Even if some tech companies voluntarily halted their experiments, however, other corporations would have a monetary interest in continuing their own AI research, allowing them to get ahead in the AI arms race. What's more, voluntarily pausing AI experiments would allow other companies to get a free ride by eventually reaping the benefits of safer, more transparent AI development, along with the rest of society.
Sam Altman, CEO of OpenAI, has acknowledged that the company is scared of the risks posed by its chatbot system, ChatGPT. "We've got to be careful here," he said in an interview with ABC News, mentioning the potential for AI to produce misinformation. "I think people should be happy that we are a little bit scared of this."

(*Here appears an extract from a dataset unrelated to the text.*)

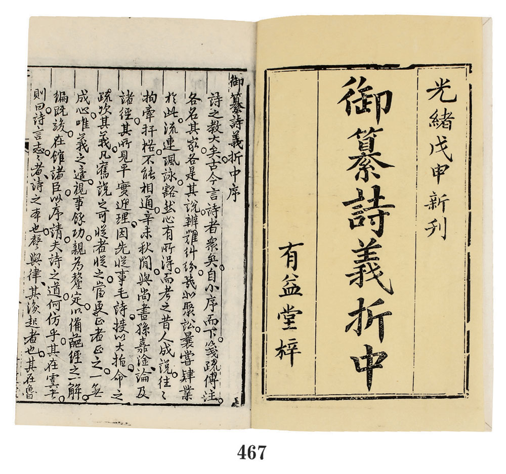 拍品包括:《御纂诗义折中》二十卷,清光绪三十四年(1908)有益堂刻本,一函六册,刻印俱精,品相佳;《书经体注大全合纂》六卷,清光绪二十年(1894)澹雅书局刻本,四册,拍品为全帙,书前附图若干;《左传句解》六卷,清光绪四年(1878)有益堂刻本,三册;《书经增订旁训》,清刻本,二册。
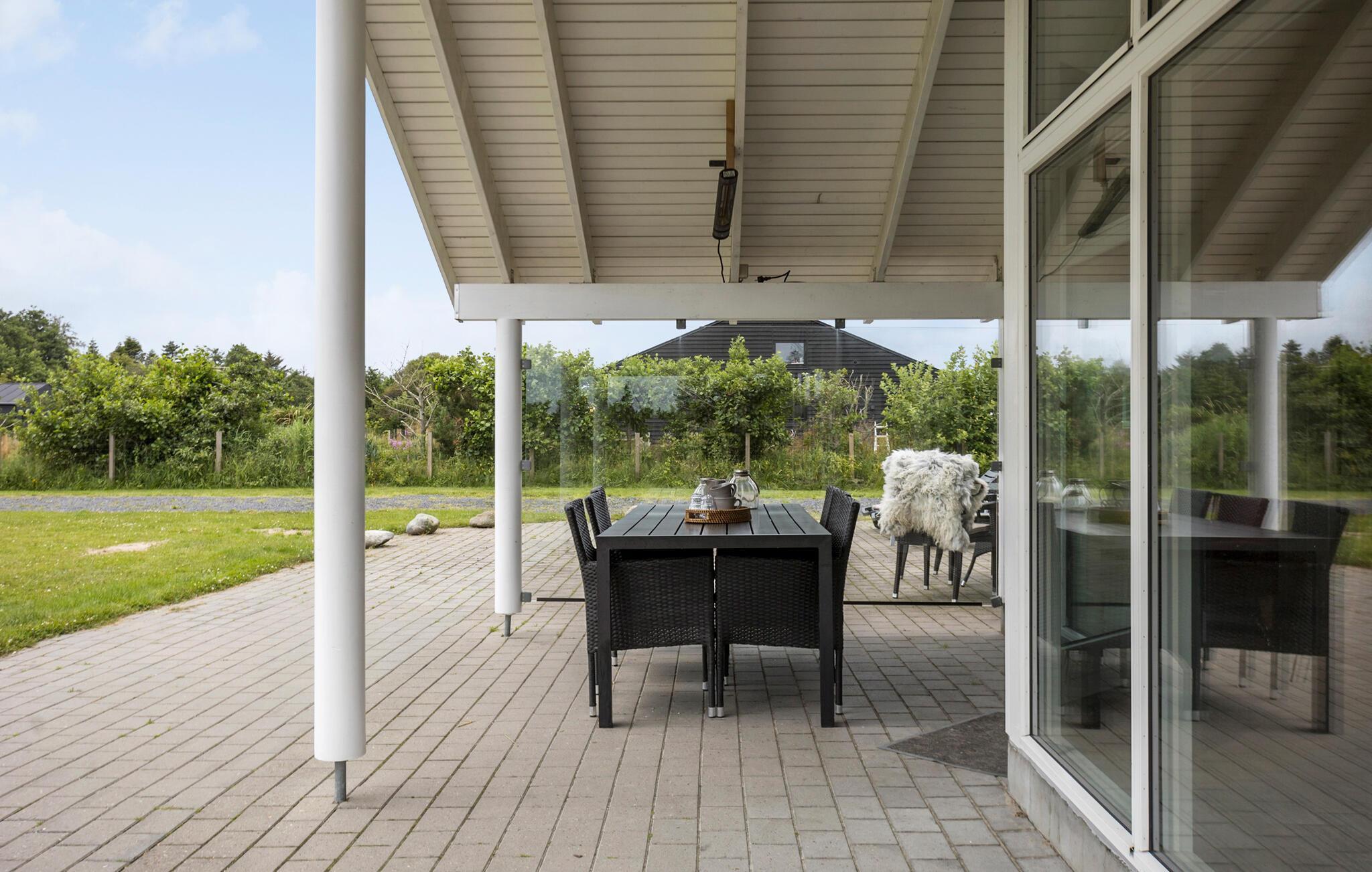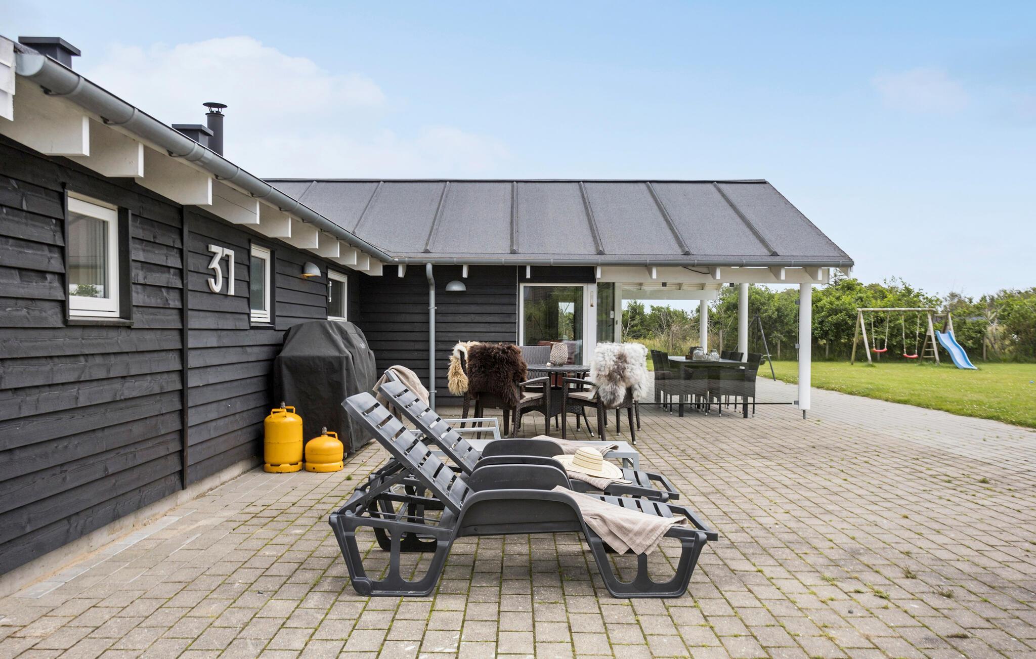 Udover at nyde aftensmaden på terrassen, kan I grille i løbet af dagen mens børnene leger i haven. Her er aktiviteter for både store og små, såsom gynge, sandkasse og fodboldmål. Terrassen er delvis overdækket, så I kan nyde de lange sommeraftener uanset om duggen kommer.

In a letter published April 5, 2023, OpenAI said that the company believes powerful AI systems need regulation to ensure thorough safety evaluations and that it would "actively engage with governments on the best form such regulation could take." Nevertheless, OpenAI is continuing with the gradual rollout of GPT-4, and the rest of the industry is also continuing to develop and train advanced AIs.
Ripe for regulation
Decades of social science research on collective action problems has shown that where trust and goodwill are insufficient to avoid free riders, regulation is often the only alternative. Voluntary compliance is the key factor that creates free-rider scenarios—and government action is at times the way to nip it in the bud.
Further, such regulations must be enforceable. After all, would-be subway riders might be unlikely to pay the fare unless there were a threat of punishment.
Take one of the most dramatic free-rider problems in the world today: climate change. As a planet, we all have a high-stakes interest in maintaining a habitable environment. In a system that allows free riders, though, the incentives for any one country to actually follow greener guidelines are slim.
The Paris Agreement, which is currently the most encompassing global accord on climate change, is voluntary, and the United Nations has no recourse to enforce it. Even if the European Union and China voluntarily limited their emissions, for example, the United States and India could "free ride" on the reduction of carbon dioxide while continuing to emit.
Similarly, the free-rider problem grounds arguments to regulate AI development. In fact, climate change is a particularly close parallel, since neither the risks posed by AI nor greenhouse gas emissions are restricted to a program's country of origin.
Moreover, the race to develop more advanced AI is an international one. Even if the U.S. introduced federal regulation of AI research and development, China and Japan could ride free and continue their own domestic AI programs.
Effective regulation and enforcement of AI would require global collective action and cooperation, just as with climate change. In the U.S., strict enforcement would require federal oversight of research and the ability to impose hefty fines or shut down noncompliant AI experiments to ensure responsible development—whether that be through regulatory oversight boards, whistleblower protections or, in extreme cases, laboratory or research lockdowns and criminal charges.
Without enforcement, though, there will be free riders—and free riders mean the AI threat won't abate anytime soon.